Task statement - What are the lines, word for word, from the line with "20日上午,專項(xiàng" up to and including the line with "Three samplers are" in the records below? Omit the pictures.

Provided entries -

=== Section Start ===

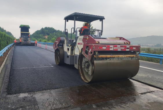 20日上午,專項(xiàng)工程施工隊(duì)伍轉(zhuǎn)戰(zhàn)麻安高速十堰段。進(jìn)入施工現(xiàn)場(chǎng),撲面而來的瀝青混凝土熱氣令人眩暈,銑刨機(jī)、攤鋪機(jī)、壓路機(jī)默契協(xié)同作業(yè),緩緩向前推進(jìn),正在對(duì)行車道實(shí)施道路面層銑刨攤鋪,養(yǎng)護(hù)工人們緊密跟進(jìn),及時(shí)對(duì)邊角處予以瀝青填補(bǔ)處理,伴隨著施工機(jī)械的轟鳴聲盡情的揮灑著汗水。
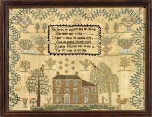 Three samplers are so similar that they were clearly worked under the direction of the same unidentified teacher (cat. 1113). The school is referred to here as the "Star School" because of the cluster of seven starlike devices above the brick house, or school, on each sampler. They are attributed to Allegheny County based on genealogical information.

=== Section End ===
=== Section Start ===

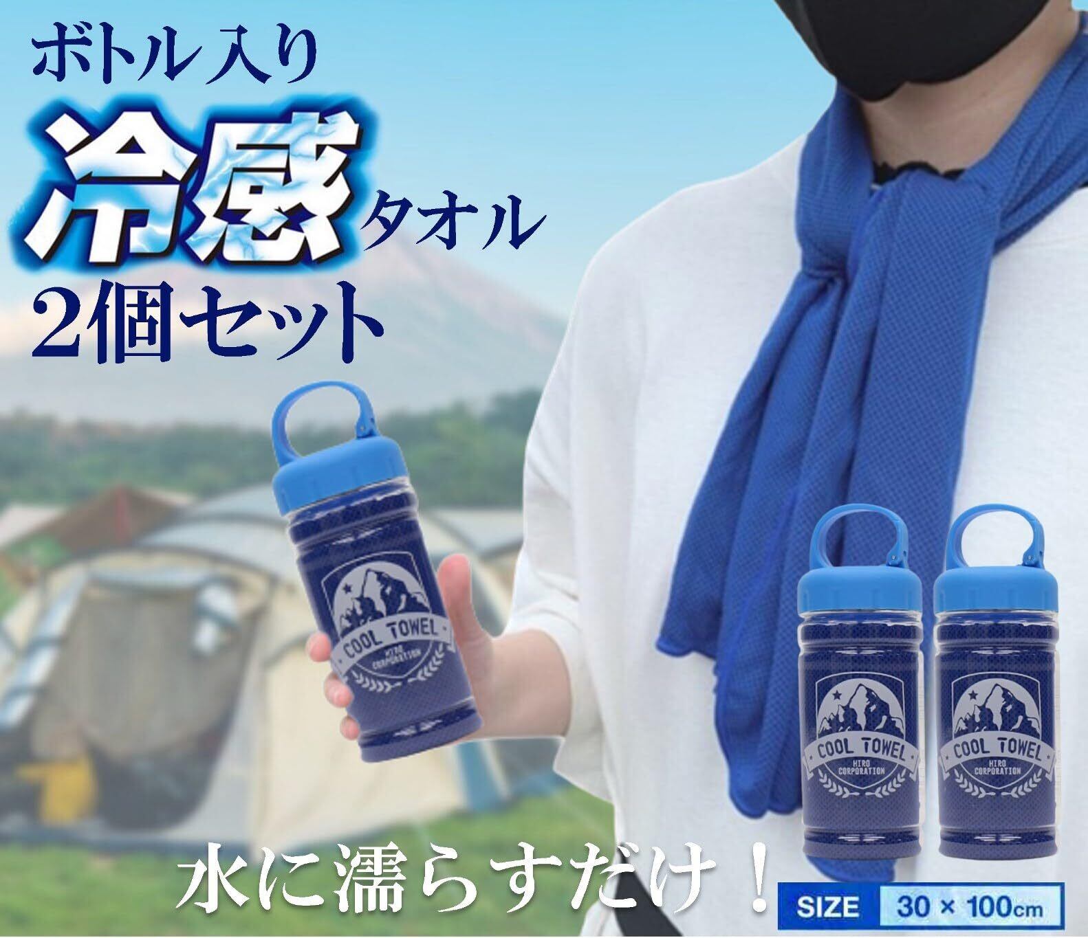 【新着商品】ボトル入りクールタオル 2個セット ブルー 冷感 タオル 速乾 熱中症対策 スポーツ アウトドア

=== Section End ===

Answer to this task -
 20日上午,專項(xiàng)工程施工隊(duì)伍轉(zhuǎn)戰(zhàn)麻安高速十堰段。進(jìn)入施工現(xiàn)場(chǎng),撲面而來的瀝青混凝土熱氣令人眩暈,銑刨機(jī)、攤鋪機(jī)、壓路機(jī)默契協(xié)同作業(yè),緩緩向前推進(jìn),正在對(duì)行車道實(shí)施道路面層銑刨攤鋪,養(yǎng)護(hù)工人們緊密跟進(jìn),及時(shí)對(duì)邊角處予以瀝青填補(bǔ)處理,伴隨著施工機(jī)械的轟鳴聲盡情的揮灑著汗水。
 Three samplers are so similar that they were clearly worked under the direction of the same unidentified teacher (cat. 1113). The school is referred to here as the "Star School" because of the cluster of seven starlike devices above the brick house, or school, on each sampler. They are attributed to Allegheny County based on genealogical information.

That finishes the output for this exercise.